The root of the word retail is “to cut off.” The idea is that a merchant buys a large portion of goods, then parcels it out to make a profit. Now it is the retailer who may be cut off.
The reason? While retail has been a durable model for the last few centuries, technology is challenging the idea. Welcome to the age of “pretail,” which allows a customer to order a product before it exists.
As a Virgin blog post recently explained, retail is based on a supply chain — a system designed to move the product from manufacturer to the customer. But these days, a supply chain isn’t always necessary. In some cases, at least, a customer can order a product before it exists. The manufacturer can then create the item from scratch. This model works well for certain businesses, like custom T-shirts.
Of course, pretail doesn’t work for all categories. If a consumer orders a car that doesn’t yet exist, he might wait several months. And not everyone wants to visit a retail store, or more accurately a showroom, where nothing is for sale. But pretail definitely works for media.
Demand expresses itself and can be met in real time
Not too long ago, media was bought and sold by salespeople – Don Draper types who made deals over martini lunches. About 10 years ago, though, programmatic cut salespeople out of the equation by automating media purchases. Instead of buying ads on a media site, programmatic lets advertisers bid on impressions in real time. To reach Consumer X, advertisers don’t buy an ad in The New Yorker. Instead, they buy an impression that Consumer X is about to see. This of course happens in under a second. While this appears to be a very efficient way to match up supply and demand, as we’ll see, there are reasons why this efficiency may come at a cost as we’ll see.
There’s no need for any type of storage
One of the reasons that brick-and-mortar retailing is having such a tough time right now is that storage is very expensive. Frequently, the stores under-purchase a product that turns out to be hot or they buy too much of a product that fizzles out.
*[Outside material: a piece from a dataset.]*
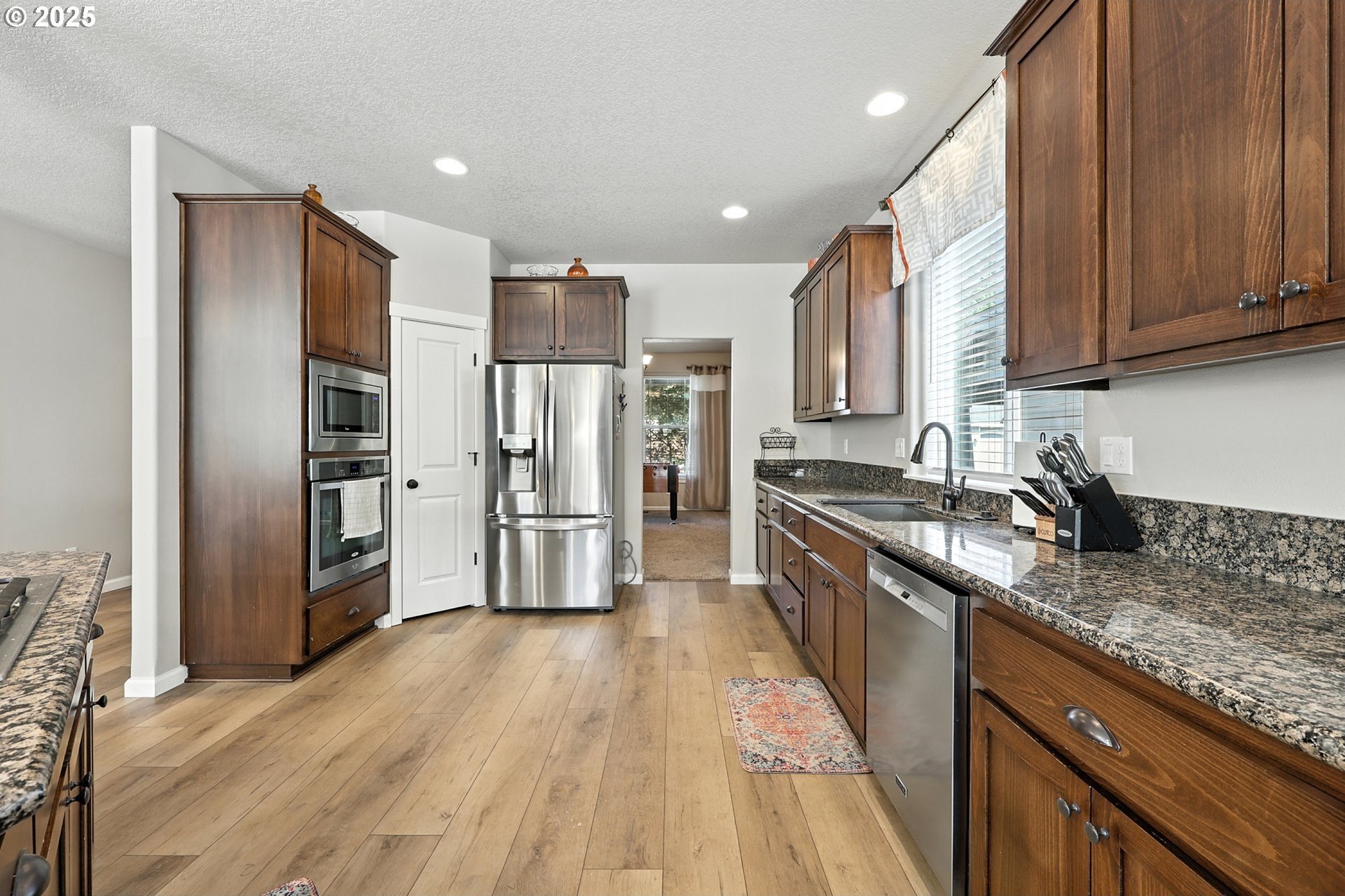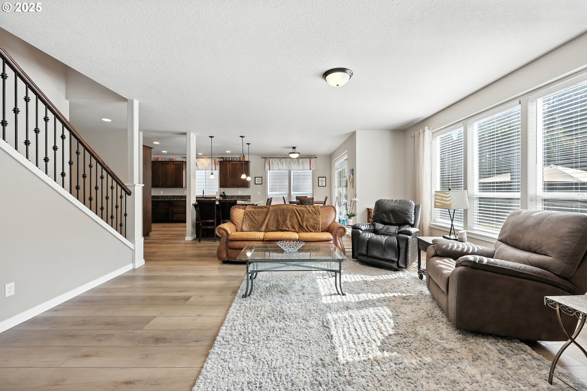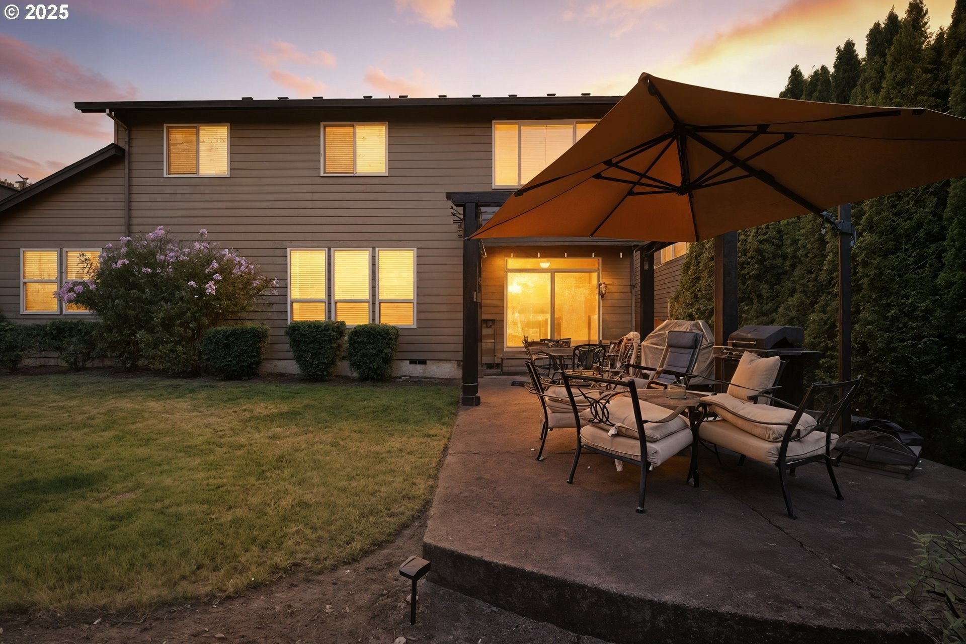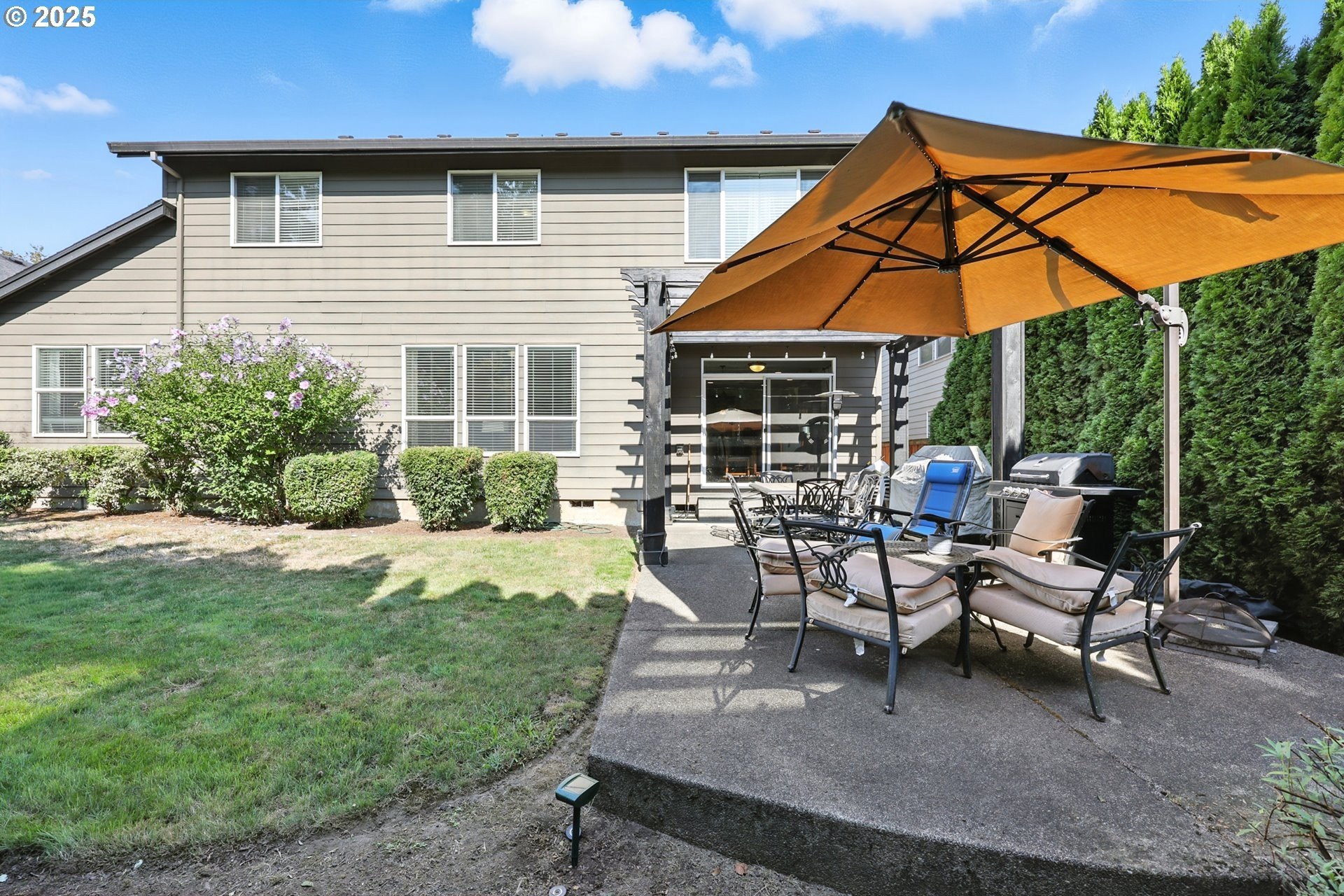 Welcome to this beautifully maintained one-owner home tucked away on a quiet cul-de-sac in the Oregon City School District. Built in 2014 and offering 4 bedrooms, 3 full bathrooms, and nearly 2,900 sq ft of living space, this home combines comfort and functionality in every detail. The main floor features a versatile bedroom, full bath, and convenient laundry room—ideal for flexible living needs. A formal dining room leads into the open kitchen with granite counters, rich cabinetry, a pantry, and a large dining nook with a slider to the private fenced backyard and patio. The inviting great room is perfect for gatherings, complete with large windows for natural light. Upstairs, the spacious primary suite boasts a walk-in closet, dual vanities, jetted tub, and walk-in shower. Two additional bedrooms share a full bath with access from both the hallway and the expansive family/media room. Attic storage is conveniently accessed from the family room and one of the bedrooms. Additional features include an oversized 3-car garage, central vacuum system, landscaped yard with sprinkler system, and a backyard harvest from the bountiful blueberry bushes and apple tree. All in a peaceful cul-de-sac setting, just minutes from schools, parks, and shopping. Don’t miss this move-in ready Milwaukie gem!

That’s why e-commerce retailers have such an edge — they don’t have as much of the burden of anticipating consumer demand. Companies like Amazon can offer better quality product without ever having to push product on consumers to get rid of excess inventory. The media buyers’ work has challenges similar to retail. They’re trying to figure out what will be the hot product of the moment, often months ahead of time, which is close to impossible.
Bulk buying can hurt the customer
Digital platforms that work on a demand basis can secure the best and most-relevant inventory on a case-by-case basis. The prices may not be the cheapest, but the fair market prices paid allow for a targeted approach toward media which will perform. In addition, media platforms who don’t participate in pre-buying bulk inventory don’t run into the inherent conflict of interest which arises when the pressure to offload said inventory arises, just as retailers do. Agencies like making deals for large amounts of inventory because it brings prices down, but such inventory many times does not perform well for clients, which undercuts the efficiencies you get from digital media buying.
With retail, consumers have a huge amount of power and are using it to force the long-standing brick-and-mortar giants to offer a presence on every digital touchpoint and to move away from the traditional buy-to-anticipate-demand model.
In media, consumers don’t have that kind of direct control. Yet the industry should look at how Amazon is challenging retail and learn. The days when retailers held power over consumers to push second-rate inventory is over. The same is true for media.